> [What you should do] Leave out the pictures and copy the remaining records exactly.

> [Given information]
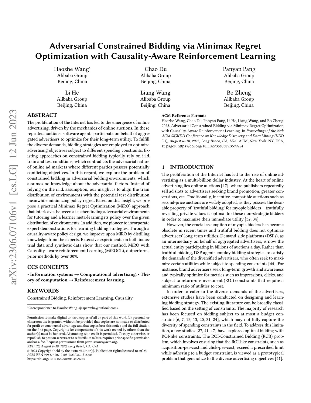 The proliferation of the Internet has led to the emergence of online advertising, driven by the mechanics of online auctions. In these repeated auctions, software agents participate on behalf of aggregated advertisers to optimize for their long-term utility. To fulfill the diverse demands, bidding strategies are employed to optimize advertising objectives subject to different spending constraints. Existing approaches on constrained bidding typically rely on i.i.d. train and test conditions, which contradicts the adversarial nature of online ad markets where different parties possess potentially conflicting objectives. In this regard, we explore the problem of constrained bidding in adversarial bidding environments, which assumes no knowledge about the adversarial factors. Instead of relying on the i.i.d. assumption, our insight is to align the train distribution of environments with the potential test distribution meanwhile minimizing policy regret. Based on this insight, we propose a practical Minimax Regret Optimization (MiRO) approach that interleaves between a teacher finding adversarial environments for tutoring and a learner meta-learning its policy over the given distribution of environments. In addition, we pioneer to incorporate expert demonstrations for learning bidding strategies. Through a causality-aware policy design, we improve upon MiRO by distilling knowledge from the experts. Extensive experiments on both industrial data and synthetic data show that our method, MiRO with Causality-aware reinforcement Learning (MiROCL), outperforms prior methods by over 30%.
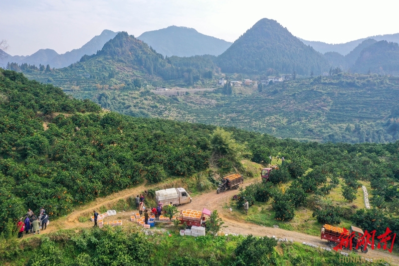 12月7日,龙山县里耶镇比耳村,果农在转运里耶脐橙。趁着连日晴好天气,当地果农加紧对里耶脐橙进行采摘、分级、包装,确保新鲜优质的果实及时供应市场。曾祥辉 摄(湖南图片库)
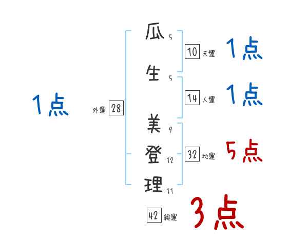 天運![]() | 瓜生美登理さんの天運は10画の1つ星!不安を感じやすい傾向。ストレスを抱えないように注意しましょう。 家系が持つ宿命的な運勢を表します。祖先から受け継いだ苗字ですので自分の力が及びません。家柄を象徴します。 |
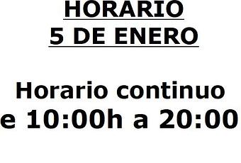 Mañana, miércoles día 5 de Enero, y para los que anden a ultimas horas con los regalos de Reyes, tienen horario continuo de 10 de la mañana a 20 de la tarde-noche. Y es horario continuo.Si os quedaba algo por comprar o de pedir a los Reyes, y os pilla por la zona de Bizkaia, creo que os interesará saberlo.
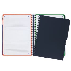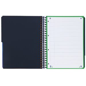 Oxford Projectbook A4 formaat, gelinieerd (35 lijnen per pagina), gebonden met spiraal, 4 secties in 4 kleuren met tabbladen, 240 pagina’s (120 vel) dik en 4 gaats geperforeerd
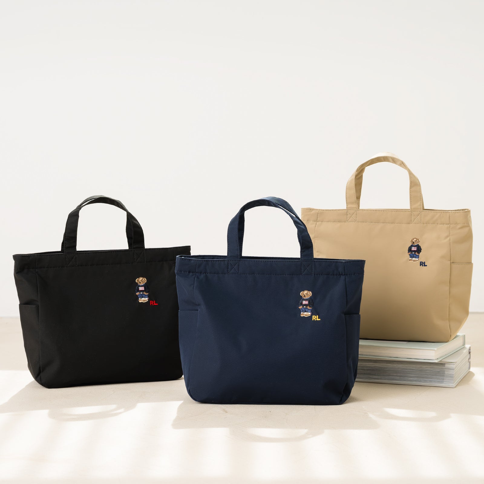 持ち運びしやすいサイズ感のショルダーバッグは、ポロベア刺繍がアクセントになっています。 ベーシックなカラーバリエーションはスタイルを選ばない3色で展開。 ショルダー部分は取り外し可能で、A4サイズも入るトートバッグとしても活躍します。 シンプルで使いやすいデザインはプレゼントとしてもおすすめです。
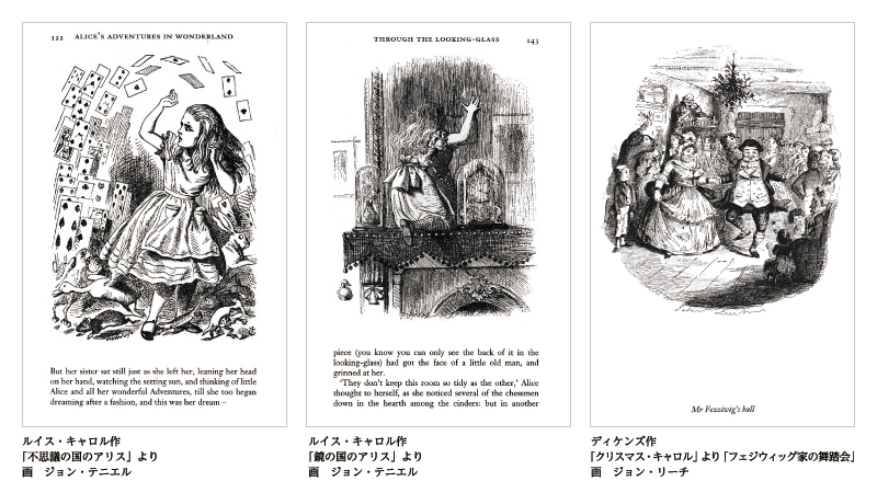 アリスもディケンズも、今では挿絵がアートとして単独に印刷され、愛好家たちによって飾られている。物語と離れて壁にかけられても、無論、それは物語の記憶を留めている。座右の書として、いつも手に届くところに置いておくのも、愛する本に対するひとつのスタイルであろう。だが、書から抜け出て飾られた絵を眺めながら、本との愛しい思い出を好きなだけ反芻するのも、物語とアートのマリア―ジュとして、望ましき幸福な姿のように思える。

> [Response for this exercise]
 The proliferation of the Internet has led to the emergence of online advertising, driven by the mechanics of online auctions. In these repeated auctions, software agents participate on behalf of aggregated advertisers to optimize for their long-term utility. To fulfill the diverse demands, bidding strategies are employed to optimize advertising objectives subject to different spending constraints. Existing approaches on constrained bidding typically rely on i.i.d. train and test conditions, which contradicts the adversarial nature of online ad markets where different parties possess potentially conflicting objectives. In this regard, we explore the problem of constrained bidding in adversarial bidding environments, which assumes no knowledge about the adversarial factors. Instead of relying on the i.i.d. assumption, our insight is to align the train distribution of environments with the potential test distribution meanwhile minimizing policy regret. Based on this insight, we propose a practical Minimax Regret Optimization (MiRO) approach that interleaves between a teacher finding adversarial environments for tutoring and a learner meta-learning its policy over the given distribution of environments. In addition, we pioneer to incorporate expert demonstrations for learning bidding strategies. Through a causality-aware policy design, we improve upon MiRO by distilling knowledge from the experts. Extensive experiments on both industrial data and synthetic data show that our method, MiRO with Causality-aware reinforcement Learning (MiROCL), outperforms prior methods by over 30%.
 12月7日,龙山县里耶镇比耳村,果农在转运里耶脐橙。趁着连日晴好天气,当地果农加紧对里耶脐橙进行采摘、分级、包装,确保新鲜优质的果实及时供应市场。曾祥辉 摄(湖南图片库)
 天運![]() | 瓜生美登理さんの天運は10画の1つ星!不安を感じやすい傾向。ストレスを抱えないように注意しましょう。 家系が持つ宿命的な運勢を表します。祖先から受け継いだ苗字ですので自分の力が及びません。家柄を象徴します。 |
 Mañana, miércoles día 5 de Enero, y para los que anden a ultimas horas con los regalos de Reyes, tienen horario continuo de 10 de la mañana a 20 de la tarde-noche. Y es horario continuo.Si os quedaba algo por comprar o de pedir a los Reyes, y os pilla por la zona de Bizkaia, creo que os interesará saberlo.
 Oxford Projectbook A4 formaat, gelinieerd (35 lijnen per pagina), gebonden met spiraal, 4 secties in 4 kleuren met tabbladen, 240 pagina’s (120 vel) dik en 4 gaats geperforeerd
 持ち運びしやすいサイズ感のショルダーバッグは、ポロベア刺繍がアクセントになっています。 ベーシックなカラーバリエーションはスタイルを選ばない3色で展開。 ショルダー部分は取り外し可能で、A4サイズも入るトートバッグとしても活躍します。 シンプルで使いやすいデザインはプレゼントとしてもおすすめです。
 アリスもディケンズも、今では挿絵がアートとして単独に印刷され、愛好家たちによって飾られている。物語と離れて壁にかけられても、無論、それは物語の記憶を留めている。座右の書として、いつも手に届くところに置いておくのも、愛する本に対するひとつのスタイルであろう。だが、書から抜け出て飾られた絵を眺めながら、本との愛しい思い出を好きなだけ反芻するのも、物語とアートのマリア―ジュとして、望ましき幸福な姿のように思える。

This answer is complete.